Received: 29 November 2020; Accepted: 19 April 2021

Abstract: Research on the lateral vibrational stability of footbridges has attracted increasing attention in recent years. However, this stability contains a series of complex mechanisms, such as nonlinear vibration, random excitation, and random stability. The Lyapunov method is regarded as an effective tool for analyzing random vibrational stability; however, it is a qualitative method and can only provide a binary judgment for stability. This study proposes a new method, IEVIE–SA, which combines the energy method based on the comparison between the input energy and the variation of intrinsic energy (IEVIE) and the stochastic averaging (SA) method. The improved Nakamura model was used to describe the lateral nonlinear stochastic vibration of a footbridge, whereby the IEVIE method was used to establish the criteria for judging the lateral vibrational stability. Additionally, the SA method was used to deduce the corresponding backward Kolmogorov equation. Subsequently, the backward Kolmogorov equation was combined with the stability criterion established by the IEVIE method to analyze the first passage stability. The proposed method is a semi-analytical, quantitative method that only requires a small calculation. By applying the proposed method to the Millennium Bridge, method effectiveness was verified by comparing it with the Monte Carlo and traditional Lyapunov methods.
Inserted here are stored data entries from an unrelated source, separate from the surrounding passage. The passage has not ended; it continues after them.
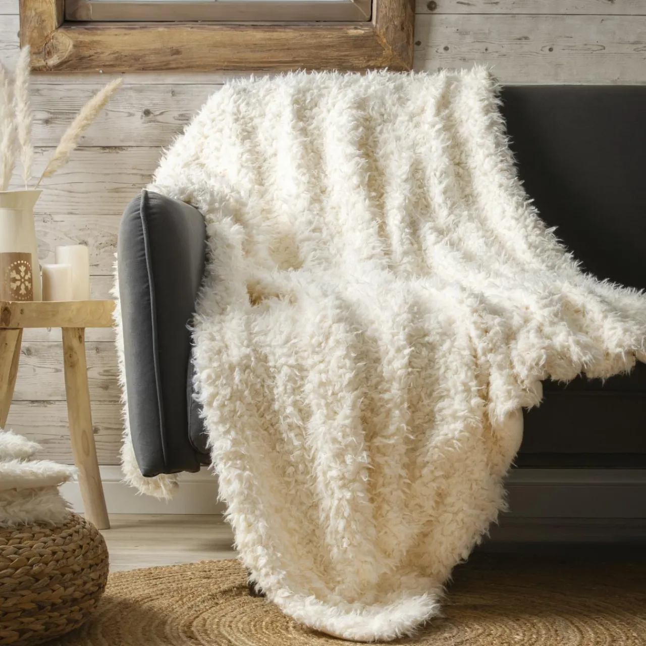 Matière : 100% polyester, effet fausse fourrure.Couleur : blanc cassé.Marque Eminza.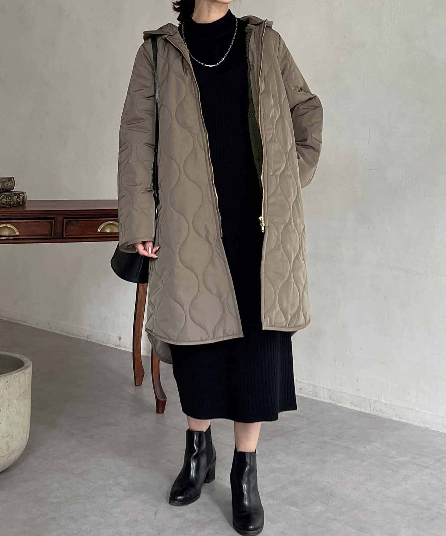 しっかりと厚みのあるリブニットで体のラインを拾いすぎることなく上品なシルエットを演出してくれます。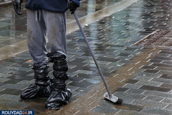 مردی در طوفان دنیز بریتانیا پاهایش را با پلاستیک زباله پیچیده و خیابان را پاک میکند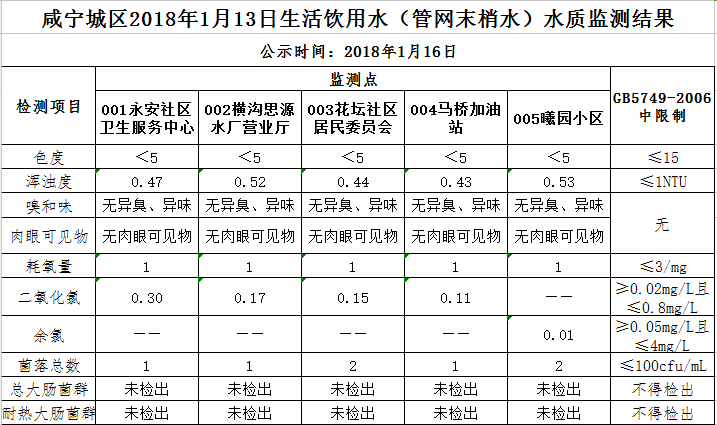 2018年1月16日咸宁城区生活饮用水监测结果公示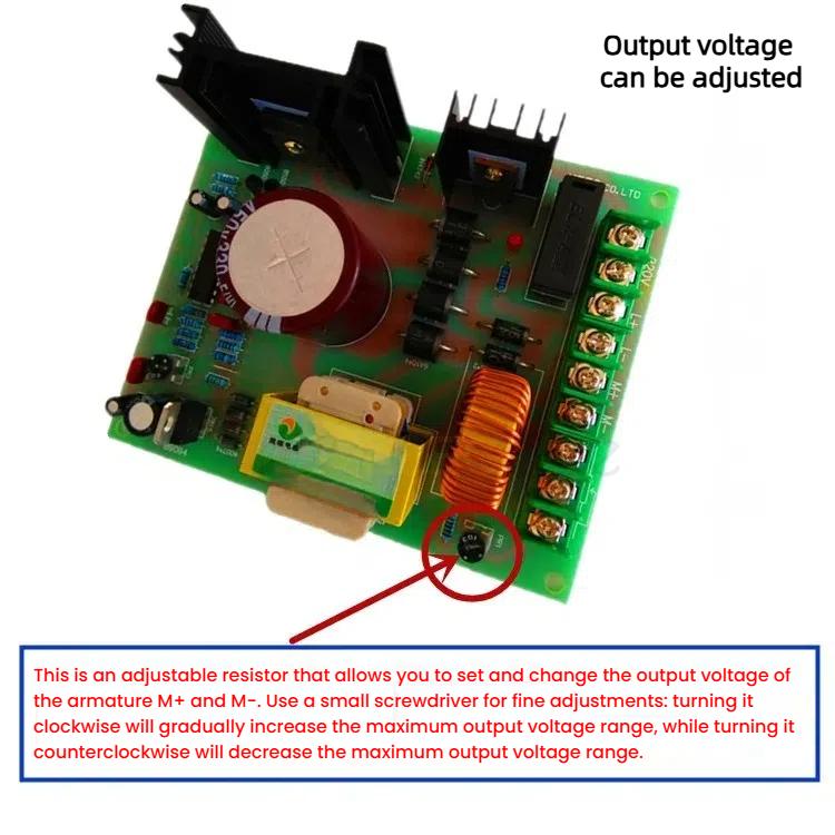 - 本控制器输入AC220V,电枢口DC 0v-220v 配合电位器,无级可调自由。

Keywords: Footbridge; vibration; stability; energy; stochastic; reliability

Research on footbridge vibrations consists of two primary directions: vertical and lateral. During vertical vibration, it is generally believed that pedestrian excitation is rarely affected by bridge vibration, and few phenomena of vertical vibration instability have been observed. Thus, the vertical vibration of a footbridge is often regarded as a linear vibration system [1]. Compared to vertical vibration, the lateral vibration of a footbridge is much more complex. During lateral vibration, it has been shown that pedestrian lateral load depends on the vibration of a bridge, resulting in a nonlinear system [2]. Additionally, the occurrence of lateral vibration instability of a footbridge has been frequently observed. For example, sudden large lateral vibrations have been observed on the Millennium Bridge [3], the Paris Solferino Bridge [4], and the Singapore Changi Airport Bridge [5,6]. In addition to the characteristics of nonlinear vibration, lateral vibration of a footbridge is a stochastic process, and pedestrian excitation is a narrow-band stochastic process rather than a deterministic periodic process [7,8] because of intra-subject variability.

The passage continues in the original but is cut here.